Could the minimum wage issue get any hotter? Doesn’t seem like it. As the matter continues to simmer in Seattle, and in the aftermath of President Obama’s declaration that he would raise the federal minimum wage, a state legislative committee today held a hearing on not one but three minimum wage bills. There’s at least one other bill pending. Meanwhile, a new survey of state voters shows broad support for a big raise.
The survey of 500 Washingtonians, funded in part by SEIU 775, reveals that nearly two-thirds of voters support raising the minimum wage to $12-an-hour, according to an analysis prepared by Patinkin Research Strategies. Of particular interest is that those in favor included 43 percent of Republicans interviewed, according to the analysis.
“On the other hand, opposition to an increase in the minimum wage is anemic at best,” the survey analysis continues, pointing out that only 28 percent voice opposition to minimum wage hike.
So is a state minimum wage raise unstoppable? A bill that would raise the wage to $12 has some strong support, including the governor. At the hearing today, an array of low-wage workers tried to bring a personal touch to legislators. The workers included Brittnay Phelps, a 23-year-old mom who works at the McDonald’s on 3rd Avenue and Pike Street. To make ends meet, she shares a two-bedroom house with seven other people, according to Sage Wilson, a spokesperson for the advocacy group Working Washington who was at the hearing.
Another bill discussed today would raise the minimum wage even further, to $15 an hour, for school custodians, secretaries and other classified staff.

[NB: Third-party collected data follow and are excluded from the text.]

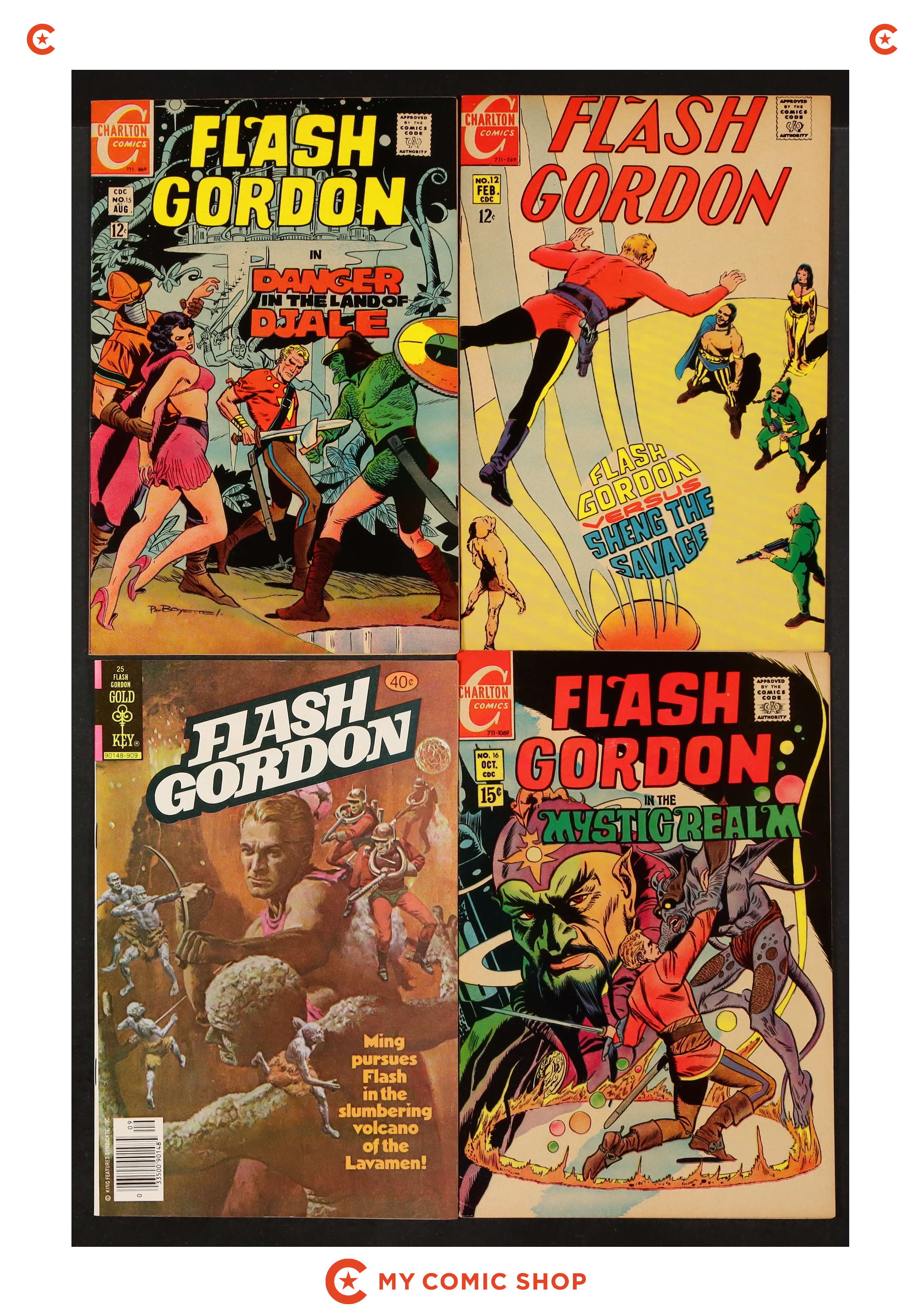 Issues 12, 15, 16, 25 of Flash Gordon (1966 King/Charlton/Gold Key). Most will grade in the FN/VF range.
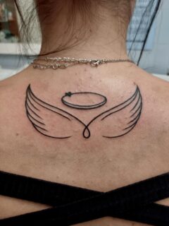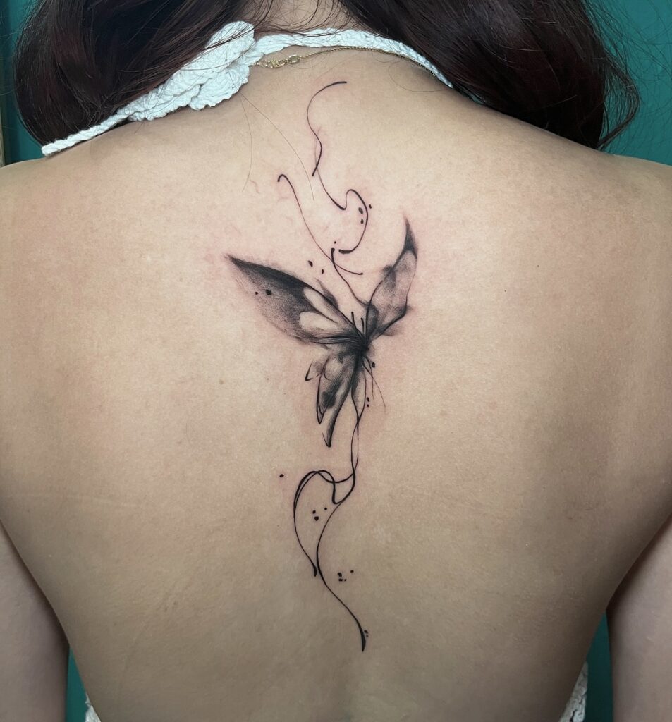 This back tattoo showcases a stylized moth or butterfly with soft shading and flowing line accents that extend outward like energy trails. The symmetrical wings contrast beautifully with the loose, abstract lines, creating a harmonious blend of structure and freedom. Its placement along the spine emphasizes elegance and balance.
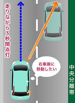 ギリギリのタイミングでのウインカー点灯は危険。まわりのクルマが「車線変更」を認識できるよう余裕をもった意思表示を。
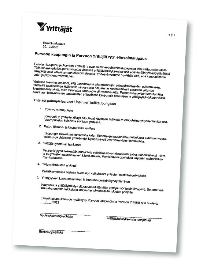 Porvoon kaupunki ja Porvoon Yrittäjät ry ovat solmineet elinvoimalupauksen tälle valtuustokaudelle. Tällä lupauksella kaupunki sitoutuu yhdessä yrittäjäyhdistyksen kanssa edistämään yrittäjäystävällistä ilmapiiriä sekä vahvistamaan elinvoimaisuutta. Yhdessä voimme huolehtia siitä, että kaupunkimme veto- ja pitovoima vahvistuvat.
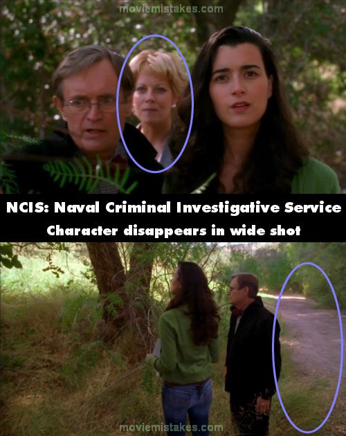Continuity mistake: When Ziva, Ducky, and Dr. Burns find the graveyard, Dr. Burns is visible between Ducky and Ziva's shoulders. She then disappears in the following wide shot, and appears again in the closeup. (00:39:40)
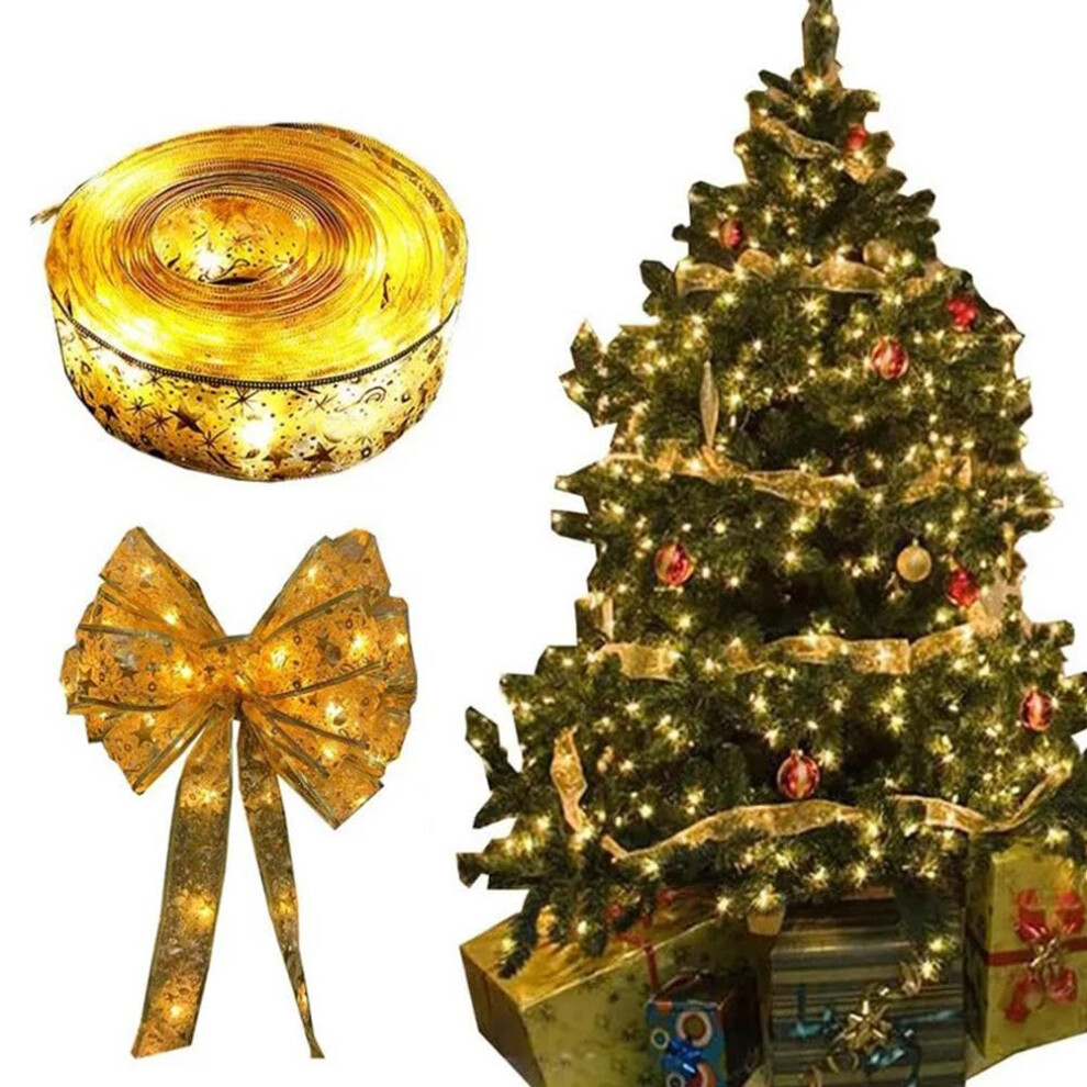 Christmas Tree Decorations String Lights LED Battery Powered Fairy Lights Gold Edge Wired Ribbon 3ft For Xmas Tree

Yet opposition still exists. One legislator piped up to ask the sponsor of the $12-wage bill, Seattle Democrat Jessyn Farrell, whether she had read a Sunday New York Times op-ed by the University of California at Berkeley economist Christina Romer. The piece argued that raising the minimum wage is not the best means of helping the poor, in part because it leads businesses to raise prices. Also at the hearing, a business owner warned that he would go out of business if the increase was implemented, just as other businesses did when SeaTac had its debate on the minimum wage last fall.
Seattle supporters of increasing the minimum wage might be most concerned about yet another bill that would stop municipalities from setting their own wage rates, which would scuttle a push by new councilmember Kshama Sawant and allies for a citywide $15 minimum.
But some of the most interesting debate may happen at the edges, in bills and initiatives that look at the details of how a minimum wage will (or won’t) be implemented. To that end, one of the bills discussed today would set a “training wage” that would allow employers to pay beginning workers 75 percent of the minimum. This is an idea that has caught fire in business circles, and to some extent it shows the success of the minimum wage movement. A steep raise may be coming, businesses may think, but maybe they can at least get some workers exempted.